=== HOW TO COMPLETE THIS TASK ===
Starting at the line holding "فقد ثبت من هذه" and finishing at the line holding "Pop the question", transcribe the material exactly, keeping both ends but no pictures.

#### SUPPLIED DATA ####

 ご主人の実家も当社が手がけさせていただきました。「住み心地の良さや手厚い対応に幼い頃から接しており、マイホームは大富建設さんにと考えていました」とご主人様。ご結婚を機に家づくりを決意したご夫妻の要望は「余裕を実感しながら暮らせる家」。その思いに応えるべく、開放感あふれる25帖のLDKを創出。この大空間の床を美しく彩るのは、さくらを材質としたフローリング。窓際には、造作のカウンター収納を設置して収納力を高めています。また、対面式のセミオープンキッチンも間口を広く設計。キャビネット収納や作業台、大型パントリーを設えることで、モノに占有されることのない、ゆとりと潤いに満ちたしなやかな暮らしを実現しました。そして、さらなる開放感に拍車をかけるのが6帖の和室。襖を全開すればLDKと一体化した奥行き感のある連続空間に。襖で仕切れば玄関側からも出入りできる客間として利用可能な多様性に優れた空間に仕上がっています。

####
#### SUPPLIED DATA ####

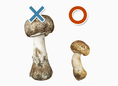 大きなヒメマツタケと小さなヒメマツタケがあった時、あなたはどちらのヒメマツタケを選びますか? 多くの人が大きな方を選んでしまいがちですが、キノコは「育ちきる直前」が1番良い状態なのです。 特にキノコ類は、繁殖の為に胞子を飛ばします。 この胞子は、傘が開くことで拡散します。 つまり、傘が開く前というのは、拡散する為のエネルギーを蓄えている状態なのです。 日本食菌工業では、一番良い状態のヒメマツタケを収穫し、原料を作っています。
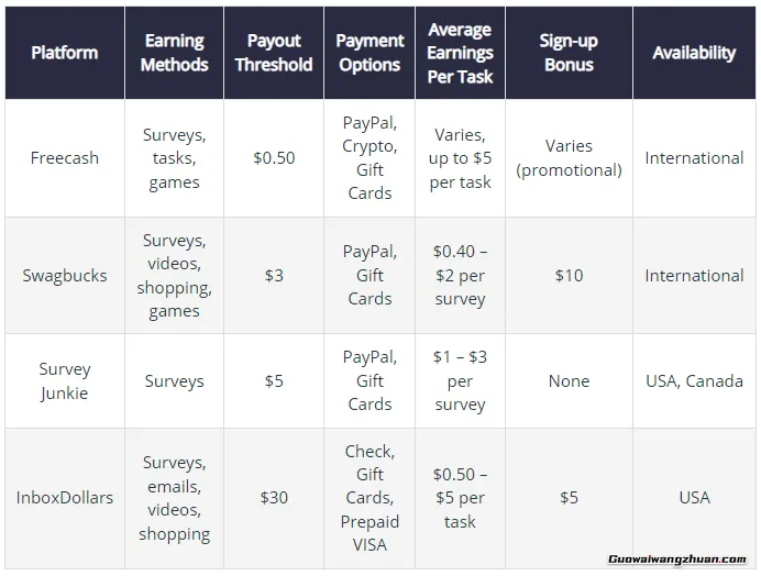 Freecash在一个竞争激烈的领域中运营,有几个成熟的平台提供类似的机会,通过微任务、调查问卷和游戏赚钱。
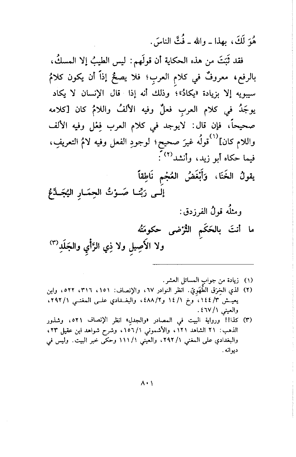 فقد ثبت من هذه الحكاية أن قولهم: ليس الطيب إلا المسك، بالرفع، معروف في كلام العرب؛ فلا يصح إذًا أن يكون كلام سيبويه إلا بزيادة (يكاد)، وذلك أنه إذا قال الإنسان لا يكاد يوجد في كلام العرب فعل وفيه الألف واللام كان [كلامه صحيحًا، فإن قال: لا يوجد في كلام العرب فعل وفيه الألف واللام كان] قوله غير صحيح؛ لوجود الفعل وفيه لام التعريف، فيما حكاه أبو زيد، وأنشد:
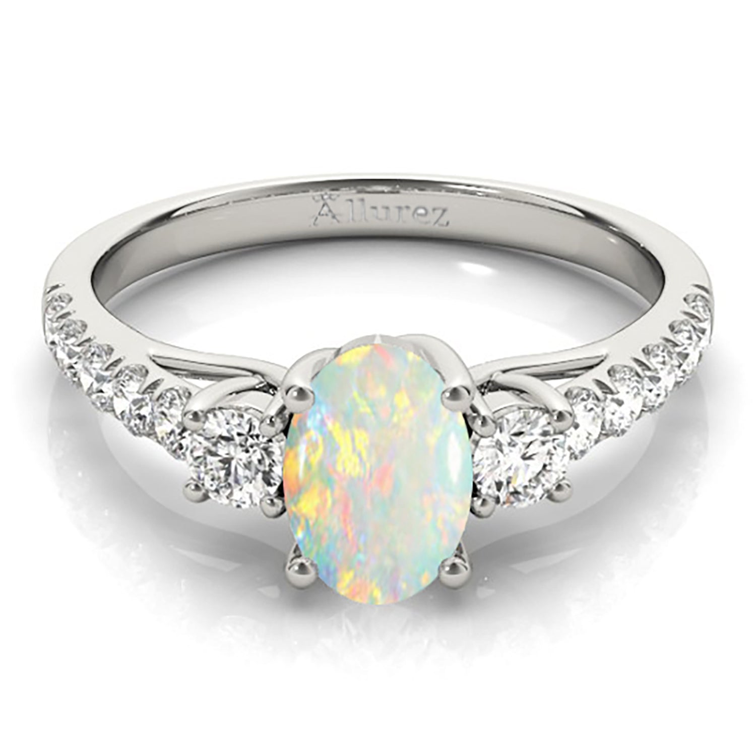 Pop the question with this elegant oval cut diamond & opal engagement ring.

####
#### SUPPLIED DATA ####

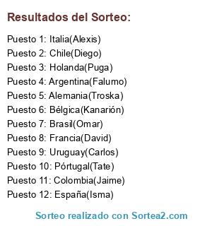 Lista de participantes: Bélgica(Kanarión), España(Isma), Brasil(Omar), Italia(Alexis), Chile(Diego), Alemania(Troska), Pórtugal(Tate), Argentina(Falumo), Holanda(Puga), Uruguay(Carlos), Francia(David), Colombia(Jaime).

####

=== COMPLETED EXERCISE ===
 فقد ثبت من هذه الحكاية أن قولهم: ليس الطيب إلا المسك، بالرفع، معروف في كلام العرب؛ فلا يصح إذًا أن يكون كلام سيبويه إلا بزيادة (يكاد)، وذلك أنه إذا قال الإنسان لا يكاد يوجد في كلام العرب فعل وفيه الألف واللام كان [كلامه صحيحًا، فإن قال: لا يوجد في كلام العرب فعل وفيه الألف واللام كان] قوله غير صحيح؛ لوجود الفعل وفيه لام التعريف، فيما حكاه أبو زيد، وأنشد:
 Pop the question with this elegant oval cut diamond & opal engagement ring.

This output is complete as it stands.